Improvement Plans (one for the district as a whole and one for each of the five schools: Wilcox

(P-1), Bissell (2-3), Dodge (4-6), R.B. Chamberlain Middle School (7-8), and the High School

(9-12)). Each of the plans focus on Reading, Math, and PBIS for students with disabilities,

economically disadvantaged students, African American students, and gifted students. The

Continuous Improvement Plans provide goals for the school year, action steps to accomplish the

goals, responsible parties, data sources for monitoring, and resources needed.

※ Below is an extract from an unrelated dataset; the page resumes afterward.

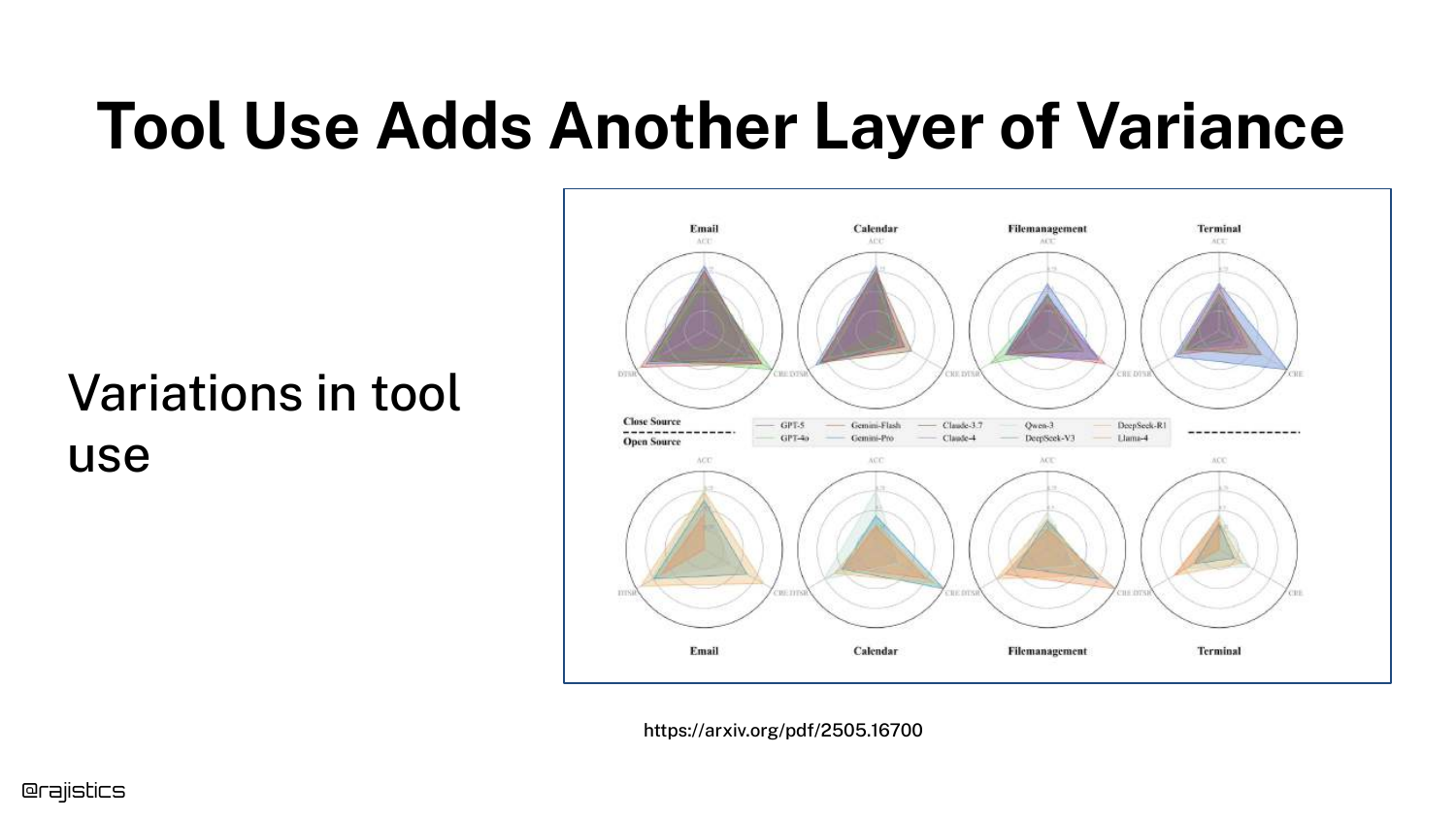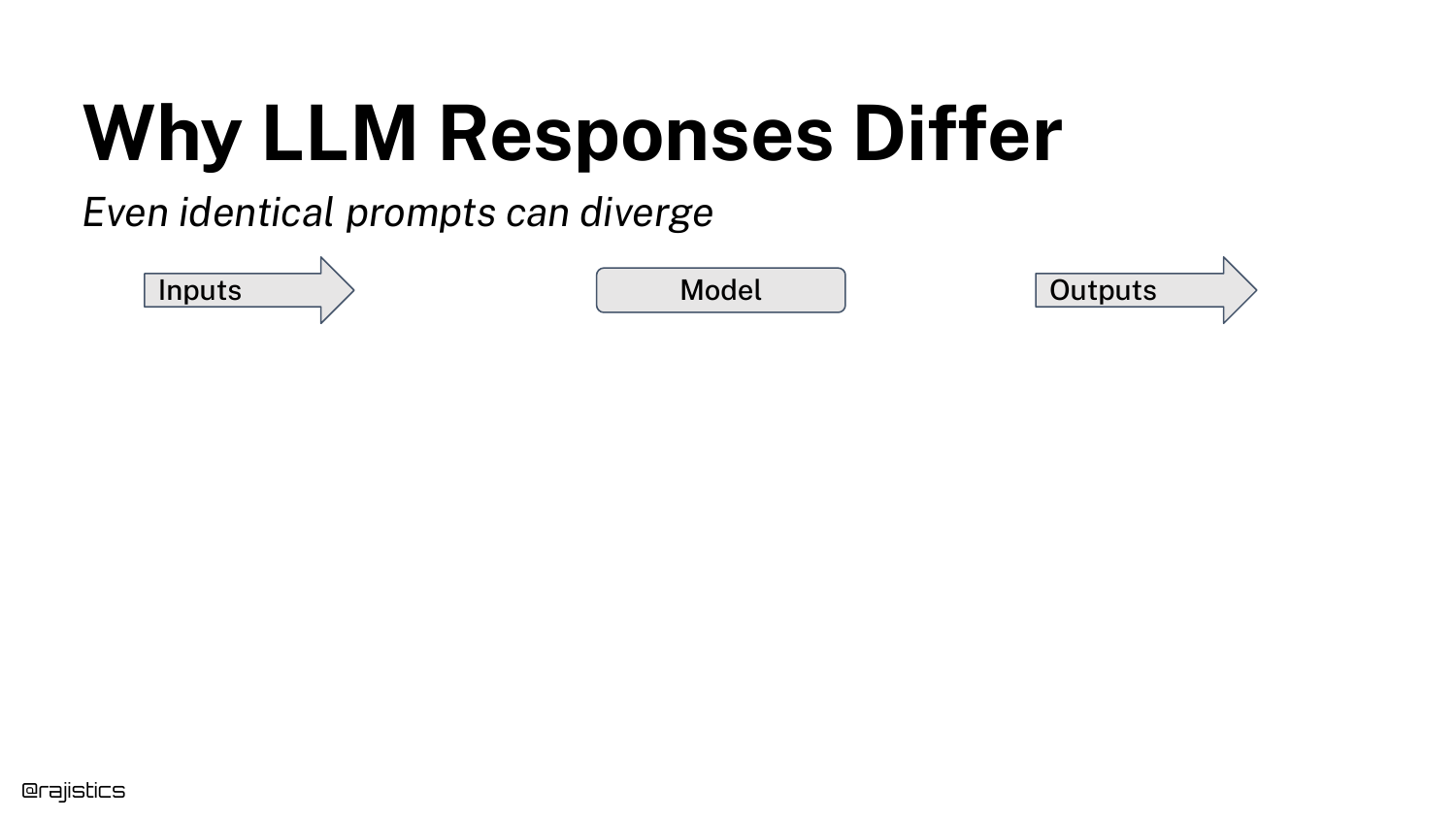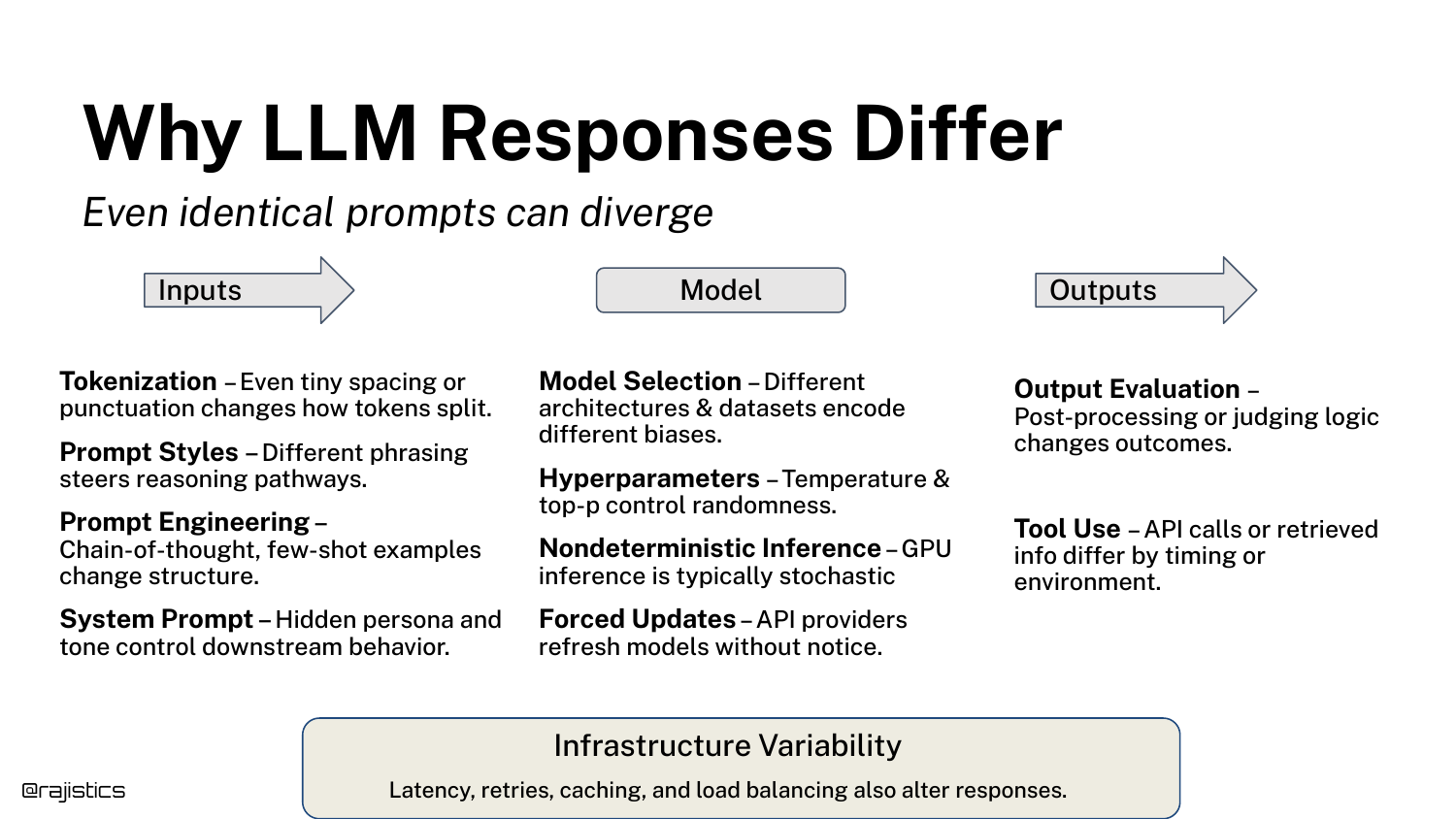 A simple diagram illustrates the flow: Prompt -> Model -> Output. Rajiv uses this to structure the analysis of where variability comes from.

Since I am on the Curriculum Committee within my district, the Continuous

Improvement Plans are emailed to me prior to them being adapted. Listed below is a Twinsburg

City School District 2017-2018 Continuous Improvement Plan Goal for Reading and a few

examples of the action steps that are being taken.

“By 2018, Twinsburg City School District will meet or exceed the Annual

Measurable Objective (AMO) targets for all subgroups in Reading (79.6%).”

 Students with Disabilities Action Step

“Based on MAP Scores, students will participate in the Tiger Reading Camp and

receive interventions for at least 45 minutes to 1 hour daily. Identified areas of

weakness will be documented and monitored monthly and interventions will be

adjusted accordingly.”
 Economically Disadvantaged Action Step

“Instructional Assistants will work with students who fall in the Lo/LoAvg range

from MAP assessments (Reading). IA’s will work with RIMP students on

Reading Fluency (Cold Reads & Comprehension Questions) 10-15 minutes 2-3

times per week. Documentation will be turned in and reviewed with office staff.”

The Continuous Improvement Plans are presented to the Curriculum Committee,

comprised of parents, teachers, and administration, in October. The Curriculum Committee

briefly discusses the Continuous Improvement Plans and votes to adapt them. After the

Curriculum Committee votes to adapt the Plans, they are then taken to the next Board of

Education Meeting to be officially adapted. As a member of the Curriculum Committee, I attend

this critical October meeting, discuss the Continuous Improvement Plans with the rest of the

committee, and help adapt these important documents. It is important to review and compare the

different documents to see the Continuous Improvement Plans from Pre-K to 12th grade. Since

each of the six documents are created by different administrators, they each look differently.

However, they all focus on the same thing – helping students succeed in the following

subgroups: students with disabilities, economically disadvantaged students, African American

students, and gifted students.

I have enjoyed being on the Curriculum Committee and being apart of the decision-

making process for the Continuous Improvement Plans. It is interesting to review each of the six

documents and compare the different Continuous Improvement Plans for Pre-K to 12th grade. It

provides an awareness on what is happening throughout the district, and not just at my building.

Additionally, as an alumnus of Twinsburg High School, it is also interesting to see what has

changed, improved, and continues to change since I was a student.